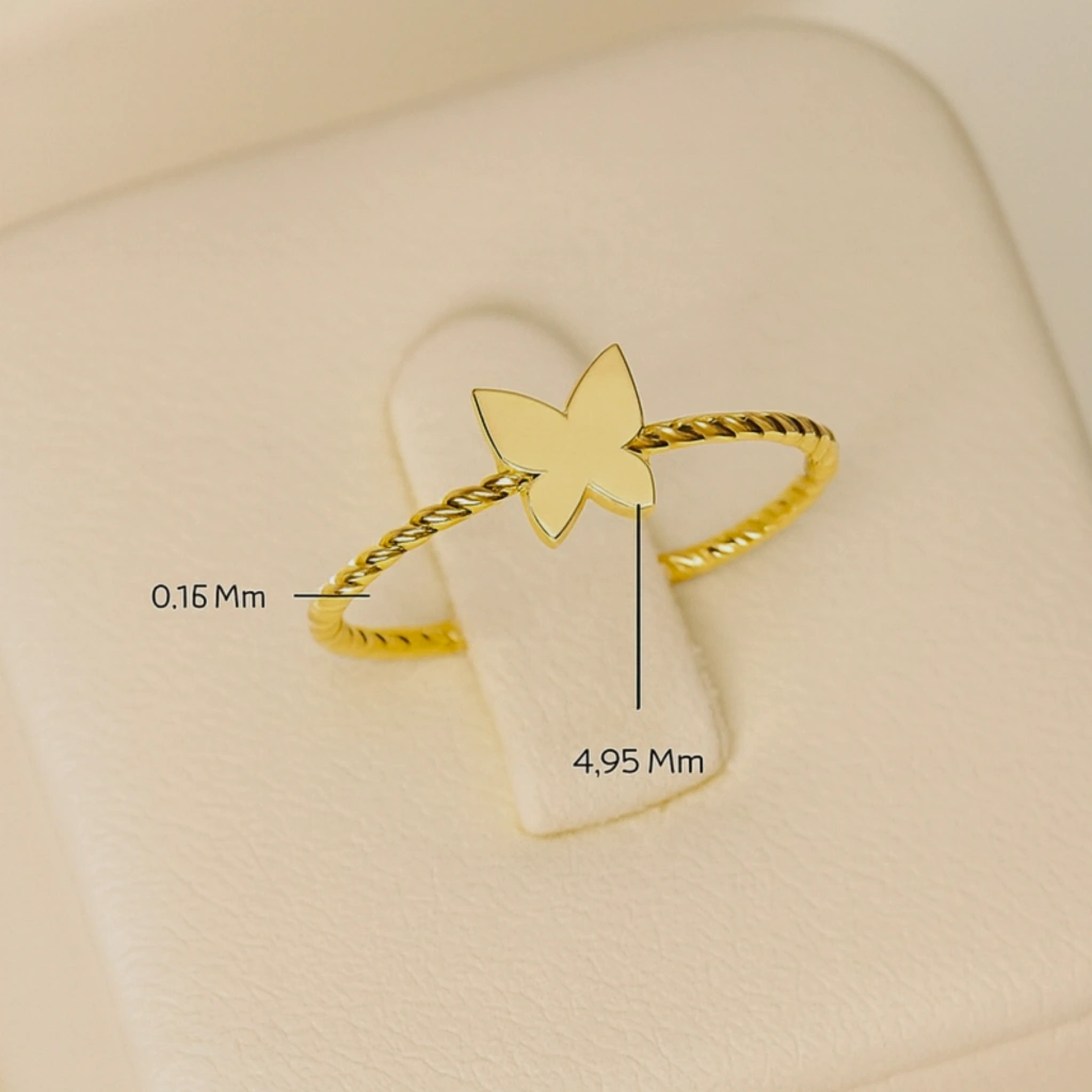 14 Ayar Altın Minik Kelebek Sarmal Yüzük
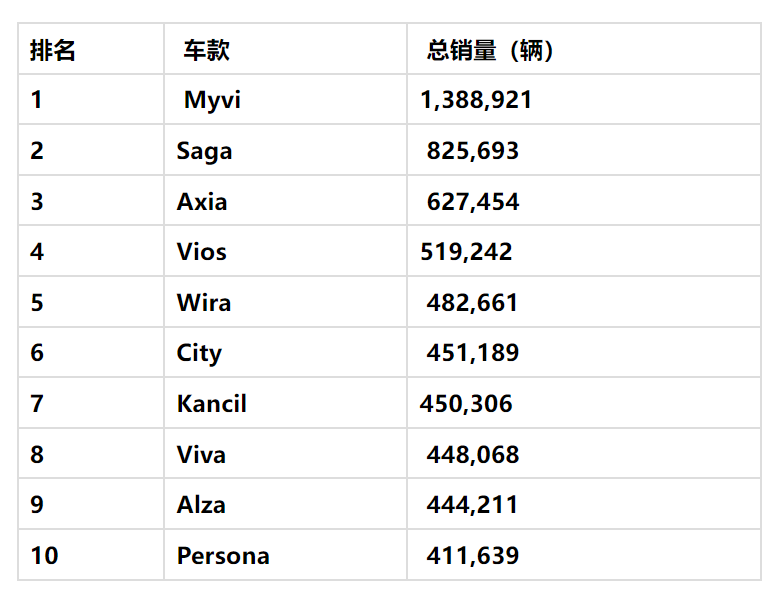 大马汽车市场10大畅销车款(2000年至2023年8月31日):
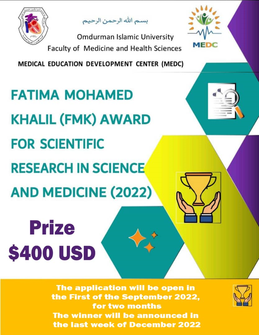 يعلن مركز تطوير التعليم الطبي بجامعة أم درمان الإسلامية عن موعد بداية التقديم لجائزة السيدة فاطمة محمد خليل للبحث العلمي في العلوم و الطب
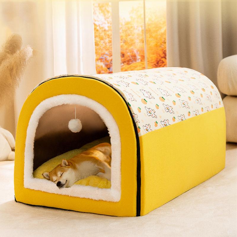 Желтый цветной полностью напечатанный изогнутый домик-будка для средних и крупных собак, полузакрытый большой объем, теплая будка для домашних собак, кровать для собак — купить товар онлайн с бесплатной доставкой по всему миру!

**Instructions to follow:**
Could you write out exactly the lines from the line containing "يعلن مركز تطوير" to the end of the material, and nothing else? No pictures belong in the copy.

**Answer to the exercise:**
 يعلن مركز تطوير التعليم الطبي بجامعة أم درمان الإسلامية عن موعد بداية التقديم لجائزة السيدة فاطمة محمد خليل للبحث العلمي في العلوم و الطب
 Желтый цветной полностью напечатанный изогнутый домик-будка для средних и крупных собак, полузакрытый большой объем, теплая будка для домашних собак, кровать для собак — купить товар онлайн с бесплатной доставкой по всему миру!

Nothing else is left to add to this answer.